Quantitative comparison of proteins detected by LC-MS/MS in the proximal fluid of seven breast cancer cell lines. In triplicate, MS/MS data of proteins identified in the proximal fluid from each breast cancer cell line was quantitatively determined by spectral counting in Scaffold software. Enolase 1, cathepsin D, CD44,Thrombospondin 1, zinc-α2-glycoprotein, keratin 18, vimentin, galectin-3 binding protein, and EGFR were chosen to represent HER2 negative and hormone receptor positive cell lines T47D and MCF-7, HER2 positive SKBR-3 and MDA-MB-453, triple negative breast cancer MDA-MB-468 and MDA-MB-231, and hormone receptor positive MCF-7 transfected with HER2 (MCF-7HER2).

Figure 2

Western blot comparison of 7 potential biomarkers identified the LC-MS/MS study from whole cell lysates of 7 different breast cancer cell lines. Three known biomarkers, ERα, MUC1, and HER2 were also included in the Western blot study as controls. Minimally three experiments were performed.

Figure 3

Dot blot comparison of 7 LC-MS/MS identified potential biomarkers present in the proximal fluid of 7 different breast cancer cell lines. Serum free media was collected from 7 different breast cancer cell lines as described. Cells were counted and equivalent ratios of media was loaded and analyzed for each breast cancer cell line. Each experiment consisted of three repeats.

Figure 4

Single-nucleotide polymorphism (SNP) identified in cathepsin D by LC-MS/MS. A. MS/MS coverage of cathepsin D in the breast cancer cell lines of SKBR-3 and MCF-7HER2. B. MS/MS spectra of the wild type cathepsin D peptide 55-YSQAVPAVTEGPIPEVLK-72 in SKBR3 (Calc. MH+1898.0270; Exp MH+1898.0046). C. MS/MS spectra of the SNP in cathepsin D peptide 55-YSQVVPAVTEGPIPEVLK-72 in MCF-7HER2 (Calc MH+1926.0582; Exp MH+1926.0621).
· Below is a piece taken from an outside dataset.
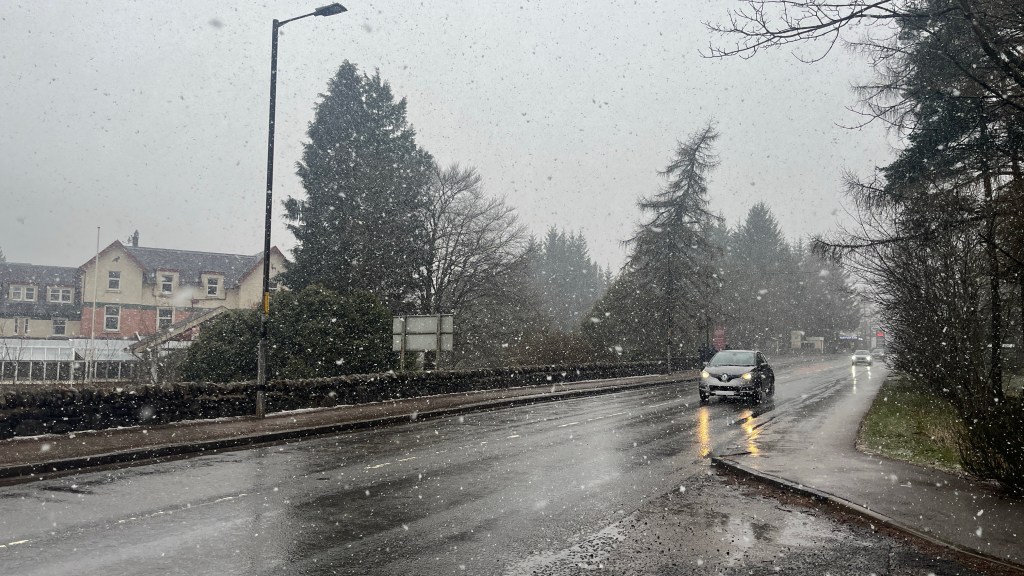 Heading across the road to the bus stop the chill in the air could be felt, a stark difference to yesterday. As we got closer to Tyndrum, the sky darkened and the windscreen got spattered. By the time we pulled up in Tyndrum, we were in the midst of a mini blizzard! We stopped in the bus shelter to put our waterproofs on before going any further. The buses had converged here to transfer passengers, the drivers comparing photos of last night’s snow in Glencoe.
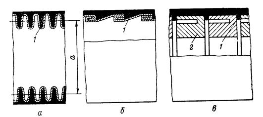 Резонансный гибкий волновод (панцирный волновод) (рис. 18.18,в) состоит из последовательного ряда дроссельных секций 2, осуществляющих замыкание по высокой частоте в местах разрыва волновода. Зазоры между секциями обеспечивают возможность небольших смещений секций. Чем больше секций, тем больше может быть угол изгиба или скручивания. Дроссельные секции выполняются в виде шайб толщиной примерно L /4; при этом отражения волн, возникающие в соседних разрывах волновода, взаимно компенсируются. Шайбы крепятся в резиновом кожухе 1, обеспечивающем необходимую гибкость и герметичность. Панцирный волновод имеет повышенные потери за счет просачивания электромагнитной энергии в зазоры между секциями и поэтому всегда применяется в виде коротких отрезков. Для экранировки резонансного гибкого волновода применяется гибкая металлическая сетка.

Figure 5. Two Principle Component Dimension Analysis

A plot of the first versus second principle component is the projection of the 229 dimensional data in a two dimensional plot. Triplicate replicates of all seven cell lines cluster appropriately, however clusters from each of the two different cell lines in the same group do not cluster together. Each breast cancer cell line is represented by a different symbol in triplicate (see legend).

Figure 6

Tree test predicts that only cathepsin D, muscle fructose 1,6-bisphosphate aldolase and keratin 19 are necessary to predict breast cancer cell line group as hormone receptor positive and HER2 positive (HR+ and HER2+), hormone receptor positive and HER2 negative (HR+ and HER2−), HER2 positive and hormone receptor negative (HER2+ and HR−), and triple negative breast cancer (TNBC). In the right column is a comparison of MS/MS spectral counts across all seven breast cancer cell lines for muscle fructose 1,6-bisphosphate aldolase and keratin 19. In lower right column is a Western blot analysis of fructose 1,6-bisphosphate aldolase, keratin 19 and keratin 8 of breast cancer cell line total extracts. Experiments were performed in triplicate.

Figure 7

Tree Test validation of fructose 1,6 bisphosphate aldolase A and keratin 8 presence in hormone HER2 positive and hormone receptor negative, hormone receptor positive and HER2 negative, triple negative breast cancer tissue. Western blot analysis using fructose 1,6 bisphosphate aldolase A and keratin 8 antibody was conducted on a total of 15 breast cancer tissue samples, five of each type of breast cancer.